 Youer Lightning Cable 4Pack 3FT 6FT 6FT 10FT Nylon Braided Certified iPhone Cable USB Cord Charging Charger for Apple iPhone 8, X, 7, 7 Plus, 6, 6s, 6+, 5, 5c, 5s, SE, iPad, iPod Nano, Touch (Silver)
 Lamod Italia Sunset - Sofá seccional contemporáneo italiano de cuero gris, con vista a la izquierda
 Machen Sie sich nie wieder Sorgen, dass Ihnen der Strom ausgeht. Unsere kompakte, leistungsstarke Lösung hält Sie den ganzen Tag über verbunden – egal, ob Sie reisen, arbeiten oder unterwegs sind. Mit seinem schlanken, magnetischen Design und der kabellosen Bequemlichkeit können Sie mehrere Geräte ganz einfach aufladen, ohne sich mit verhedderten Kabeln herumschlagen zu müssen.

* * * * *

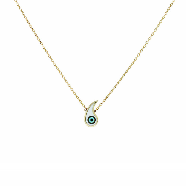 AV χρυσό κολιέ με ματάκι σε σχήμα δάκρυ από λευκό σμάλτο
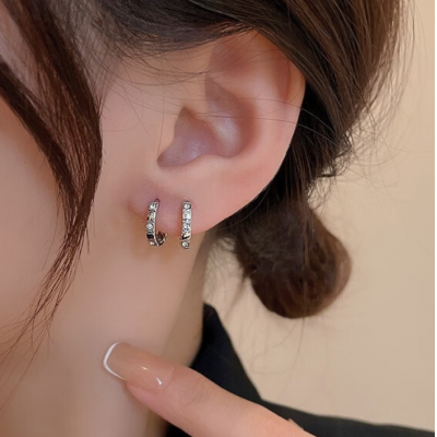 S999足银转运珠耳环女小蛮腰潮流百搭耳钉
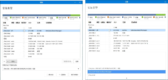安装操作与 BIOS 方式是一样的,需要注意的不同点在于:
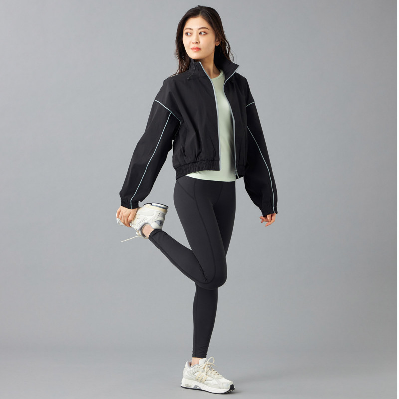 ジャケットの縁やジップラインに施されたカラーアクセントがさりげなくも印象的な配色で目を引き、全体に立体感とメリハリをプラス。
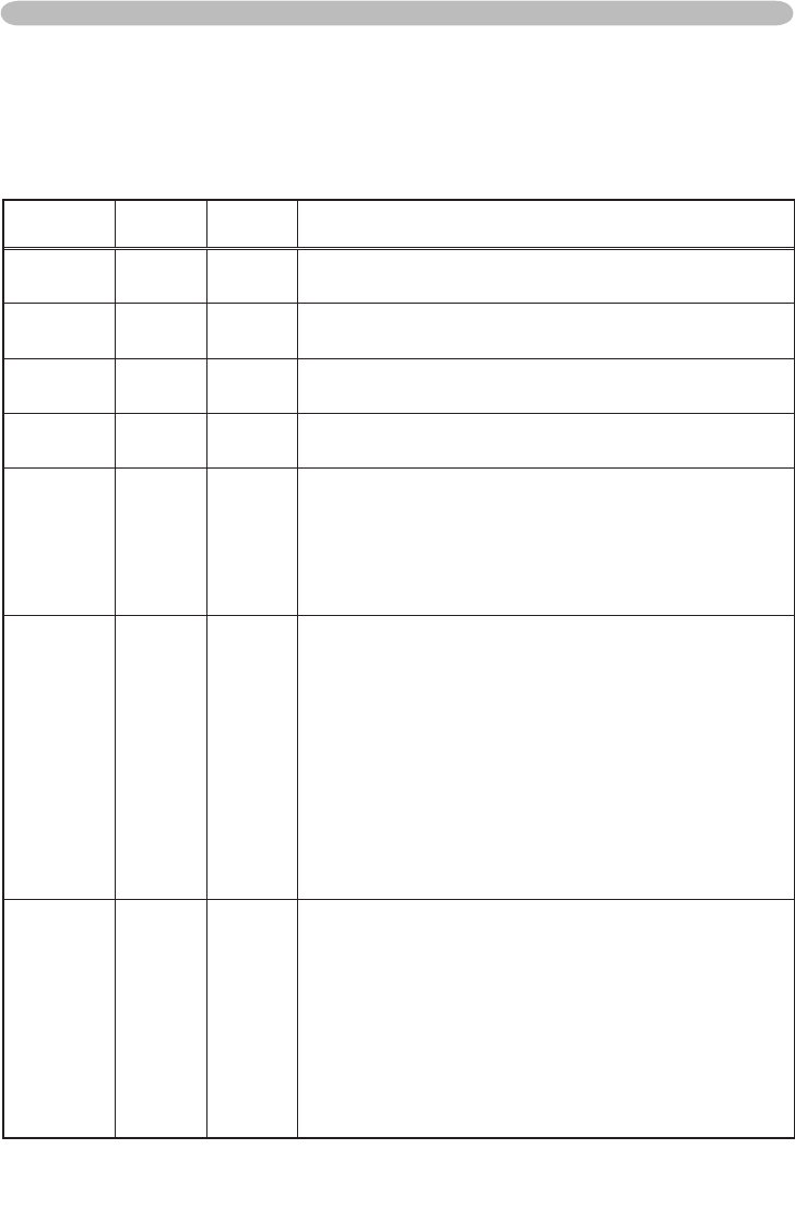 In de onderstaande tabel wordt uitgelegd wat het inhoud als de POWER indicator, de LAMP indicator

* * * * *

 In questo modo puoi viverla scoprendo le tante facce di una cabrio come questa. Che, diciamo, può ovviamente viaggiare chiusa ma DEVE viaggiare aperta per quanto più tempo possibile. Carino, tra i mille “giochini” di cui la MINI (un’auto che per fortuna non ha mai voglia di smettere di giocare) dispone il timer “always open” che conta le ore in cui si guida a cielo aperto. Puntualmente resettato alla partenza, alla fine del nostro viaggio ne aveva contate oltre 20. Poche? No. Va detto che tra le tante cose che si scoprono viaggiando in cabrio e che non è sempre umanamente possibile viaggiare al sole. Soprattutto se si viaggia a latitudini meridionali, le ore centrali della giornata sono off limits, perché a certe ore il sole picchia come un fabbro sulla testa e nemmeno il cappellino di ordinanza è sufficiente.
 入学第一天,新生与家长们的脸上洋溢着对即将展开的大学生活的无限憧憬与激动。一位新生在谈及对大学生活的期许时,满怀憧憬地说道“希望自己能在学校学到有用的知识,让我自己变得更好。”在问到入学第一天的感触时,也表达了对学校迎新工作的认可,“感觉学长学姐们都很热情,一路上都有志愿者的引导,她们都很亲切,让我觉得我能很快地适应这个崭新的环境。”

* * * * *

• Your objective: Would you copy, unchanged, the stretch of the records above that begins at the line containing "Youer Lightning Cable" and ends at the line containing "Machen Sie sich", and only that?

• Exercise response:
 Youer Lightning Cable 4Pack 3FT 6FT 6FT 10FT Nylon Braided Certified iPhone Cable USB Cord Charging Charger for Apple iPhone 8, X, 7, 7 Plus, 6, 6s, 6+, 5, 5c, 5s, SE, iPad, iPod Nano, Touch (Silver)
 Lamod Italia Sunset - Sofá seccional contemporáneo italiano de cuero gris, con vista a la izquierda
 Machen Sie sich nie wieder Sorgen, dass Ihnen der Strom ausgeht. Unsere kompakte, leistungsstarke Lösung hält Sie den ganzen Tag über verbunden – egal, ob Sie reisen, arbeiten oder unterwegs sind. Mit seinem schlanken, magnetischen Design und der kabellosen Bequemlichkeit können Sie mehrere Geräte ganz einfach aufladen, ohne sich mit verhedderten Kabeln herumschlagen zu müssen.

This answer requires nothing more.